| YOUR ASSIGNMENT |
Give again, word for word, the line holding "波賀町北部の山間部らしい、小" and every line after it through the end of the data below. Omit pictures.

Records from a collection:
--------

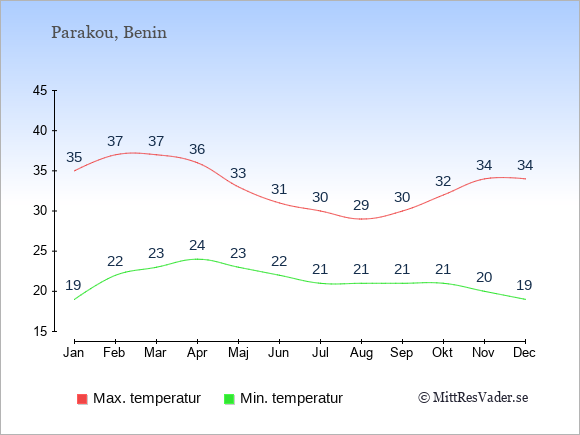 Grafen visar de genomsnittligt högsta temperaturerna i Parakou (vanligtvis det värde som uppmätts mitt på dagen) och de genomsnittligt lägsta temperaturer (vanligtvis tidpunkten just innan soluppgång).
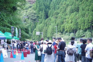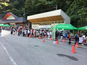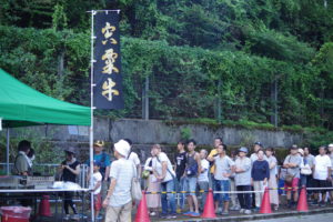 波賀町北部の山間部らしい、小風の中、心地よいスタートで宍粟牛まつりが始まりました。午前中はやはり〈避暑地はが〉だけあって涼しかったです。午後からは日差しもキツくなりましたが、皆さんお目当てのブース前で今か今かと愉しみに待たれていました。
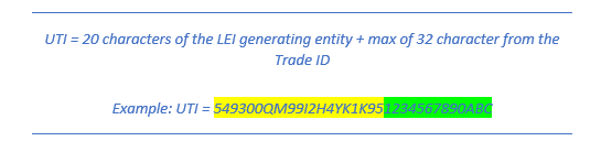 UTIs should consist solely of alphanumeric characters and be composed of a combination of the LEI of the generating entity and a unique code created by that entity. Under the EMIR Refit (EU & UK), MAS and ASIC regulations, the total number of characters allowed for the UTI remains 52 characters.
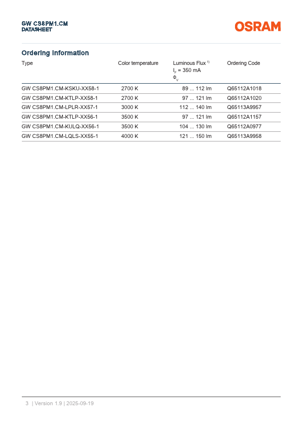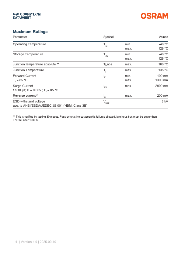- Luminous efficacy: typ. 106 lm/W @ 3000 K, 85 °C
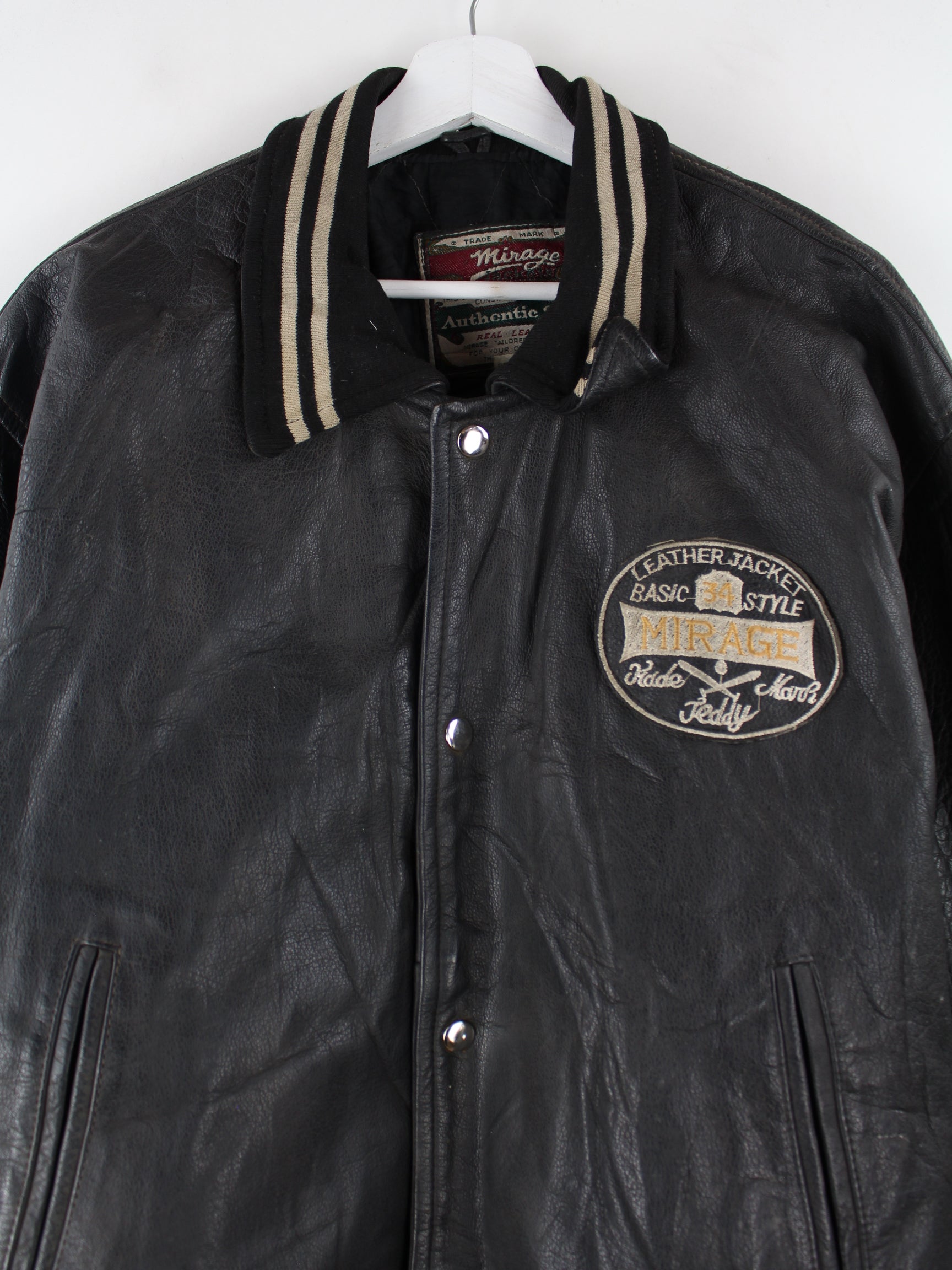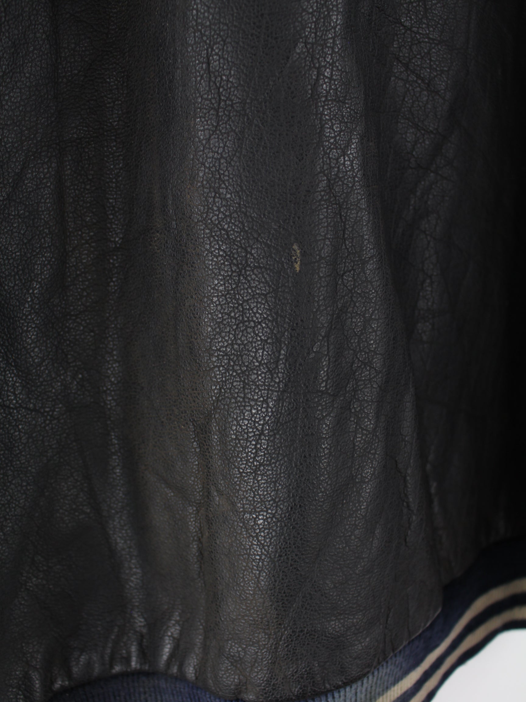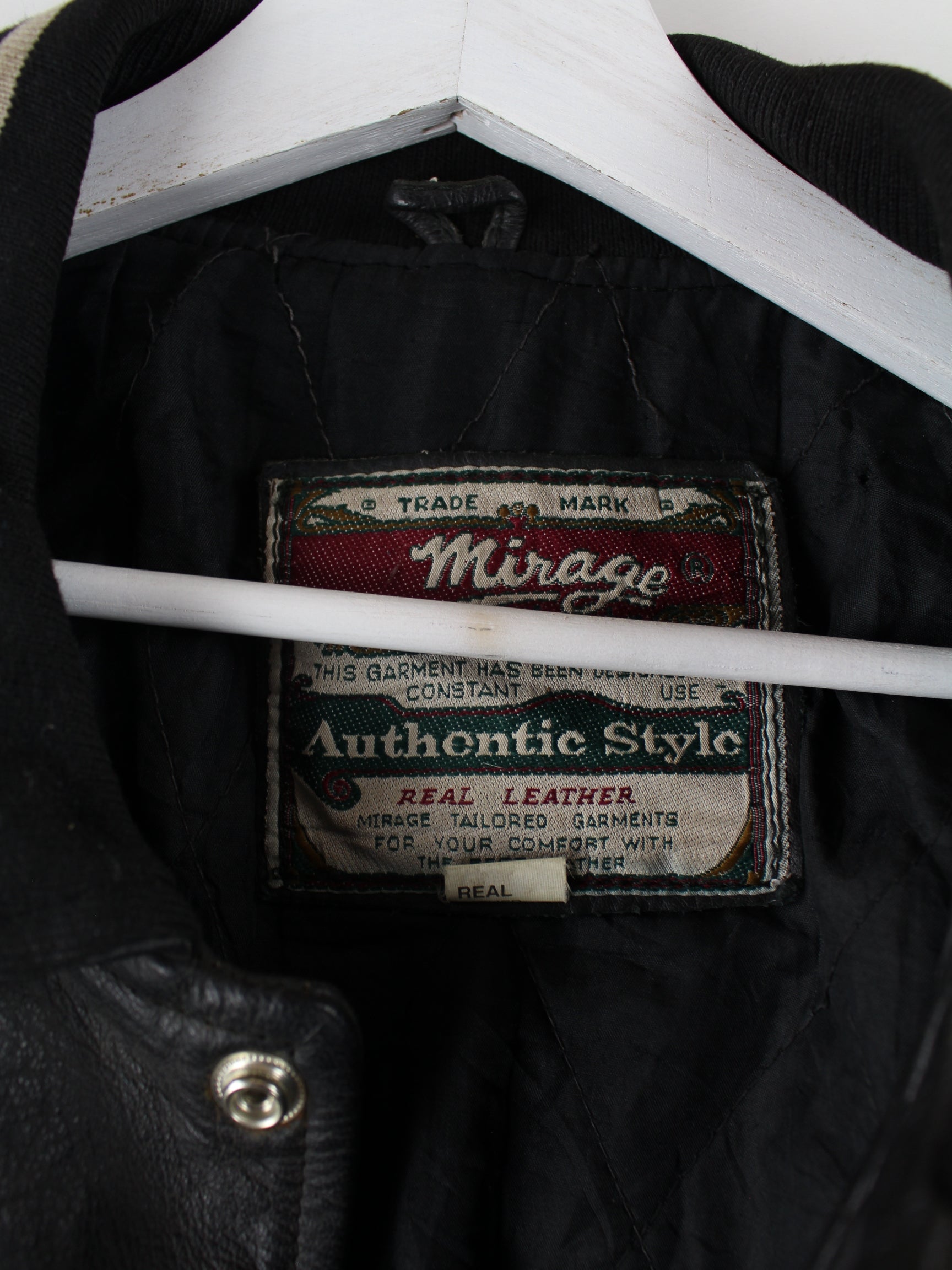 Mirage 90s Vintage Embroidered College Leather Jacket Black XL

--------

| EXERCISE ANSWER |
 波賀町北部の山間部らしい、小風の中、心地よいスタートで宍粟牛まつりが始まりました。午前中はやはり〈避暑地はが〉だけあって涼しかったです。午後からは日差しもキツくなりましたが、皆さんお目当てのブース前で今か今かと愉しみに待たれていました。
 UTIs should consist solely of alphanumeric characters and be composed of a combination of the LEI of the generating entity and a unique code created by that entity. Under the EMIR Refit (EU & UK), MAS and ASIC regulations, the total number of characters allowed for the UTI remains 52 characters.
- Luminous efficacy: typ. 106 lm/W @ 3000 K, 85 °C
 Mirage 90s Vintage Embroidered College Leather Jacket Black XL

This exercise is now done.